**What you need to do:**
Pictures in the entries below are excluded; copy only the lines from the one containing "삼각형 침대 머리받침" to the one containing "μm,比表面積為19.2 m2/g,活性高?;瘜W(xué)成分分析見(jiàn)表1。表1 原料化學(xué)分析結果", both included.

**Material for the task:**
================================

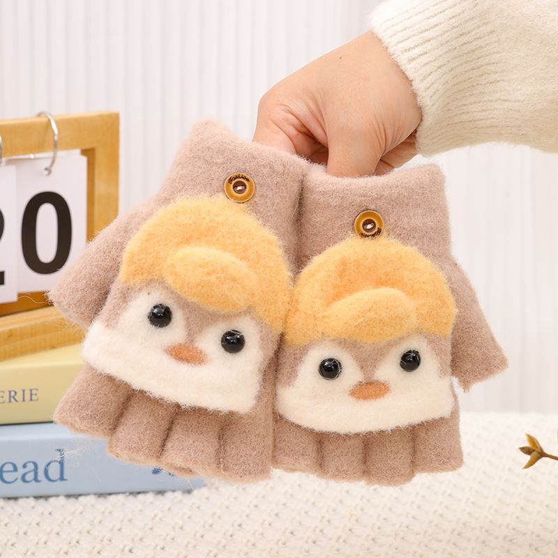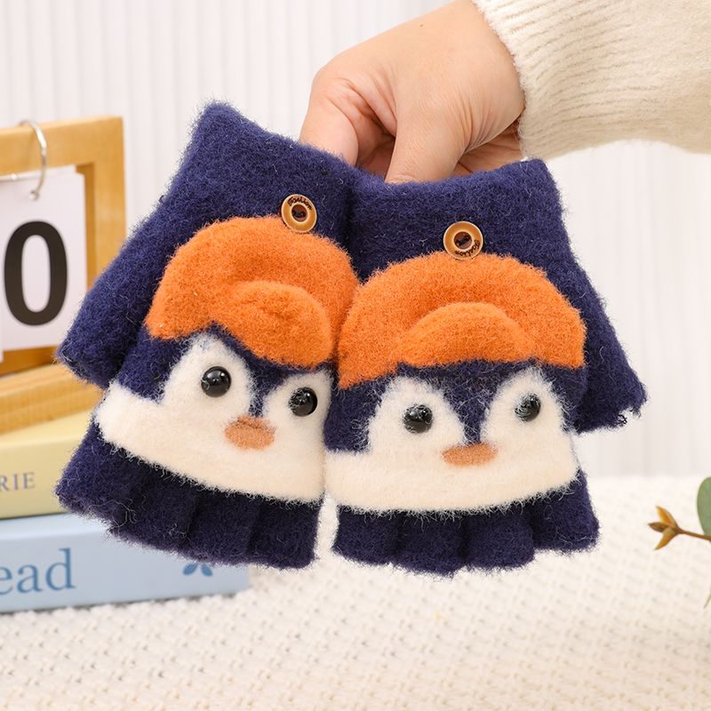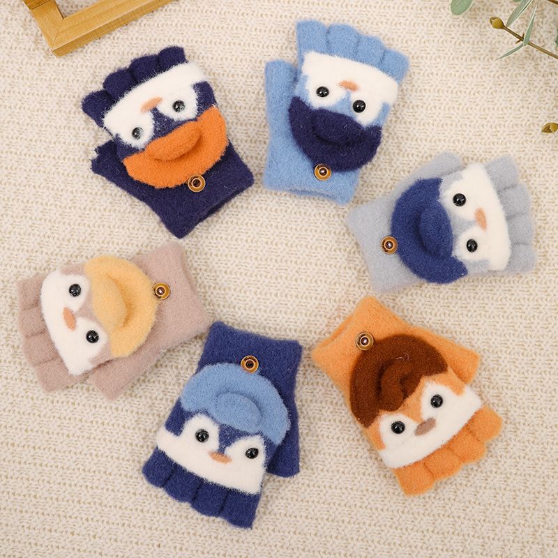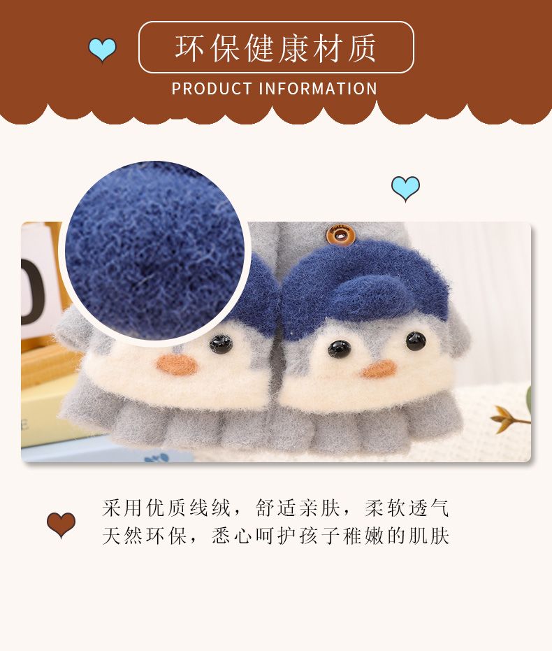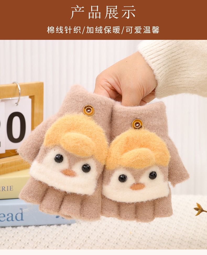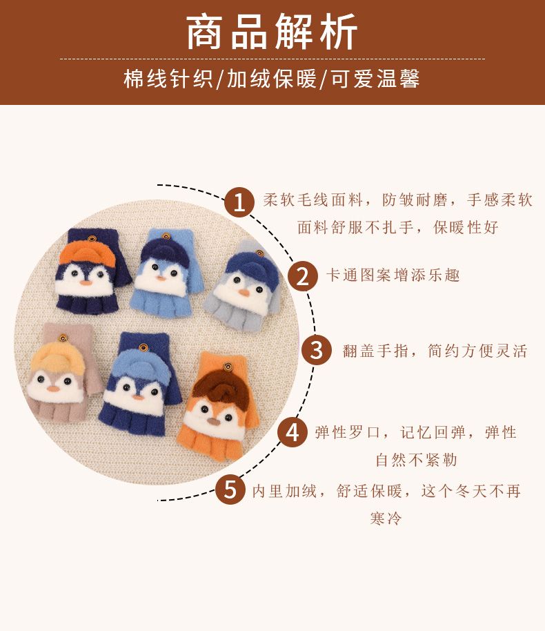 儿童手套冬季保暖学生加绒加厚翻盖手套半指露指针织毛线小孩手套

================================

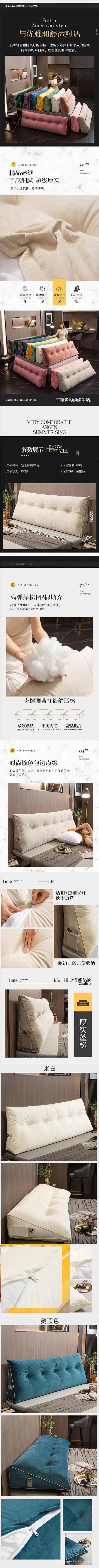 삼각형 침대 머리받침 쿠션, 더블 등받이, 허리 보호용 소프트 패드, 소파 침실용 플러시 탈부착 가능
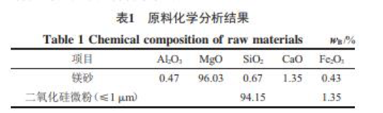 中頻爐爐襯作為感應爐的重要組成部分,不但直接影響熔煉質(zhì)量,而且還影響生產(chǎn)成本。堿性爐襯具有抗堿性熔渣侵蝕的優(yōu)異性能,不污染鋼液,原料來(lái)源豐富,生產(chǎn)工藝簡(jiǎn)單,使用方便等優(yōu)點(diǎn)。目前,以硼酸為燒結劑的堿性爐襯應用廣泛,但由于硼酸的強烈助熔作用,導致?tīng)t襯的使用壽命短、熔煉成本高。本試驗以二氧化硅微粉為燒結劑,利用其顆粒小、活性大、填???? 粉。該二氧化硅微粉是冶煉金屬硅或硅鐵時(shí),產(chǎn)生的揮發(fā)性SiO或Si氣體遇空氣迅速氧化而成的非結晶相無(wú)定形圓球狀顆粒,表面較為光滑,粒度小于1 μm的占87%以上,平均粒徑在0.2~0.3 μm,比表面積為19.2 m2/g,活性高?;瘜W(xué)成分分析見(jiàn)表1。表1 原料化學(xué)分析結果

================================

**Reply:**
 삼각형 침대 머리받침 쿠션, 더블 등받이, 허리 보호용 소프트 패드, 소파 침실용 플러시 탈부착 가능
 中頻爐爐襯作為感應爐的重要組成部分,不但直接影響熔煉質(zhì)量,而且還影響生產(chǎn)成本。堿性爐襯具有抗堿性熔渣侵蝕的優(yōu)異性能,不污染鋼液,原料來(lái)源豐富,生產(chǎn)工藝簡(jiǎn)單,使用方便等優(yōu)點(diǎn)。目前,以硼酸為燒結劑的堿性爐襯應用廣泛,但由于硼酸的強烈助熔作用,導致?tīng)t襯的使用壽命短、熔煉成本高。本試驗以二氧化硅微粉為燒結劑,利用其顆粒小、活性大、填???? 粉。該二氧化硅微粉是冶煉金屬硅或硅鐵時(shí),產(chǎn)生的揮發(fā)性SiO或Si氣體遇空氣迅速氧化而成的非結晶相無(wú)定形圓球狀顆粒,表面較為光滑,粒度小于1 μm的占87%以上,平均粒徑在0.2~0.3 μm,比表面積為19.2 m2/g,活性高?;瘜W(xué)成分分析見(jiàn)表1。表1 原料化學(xué)分析結果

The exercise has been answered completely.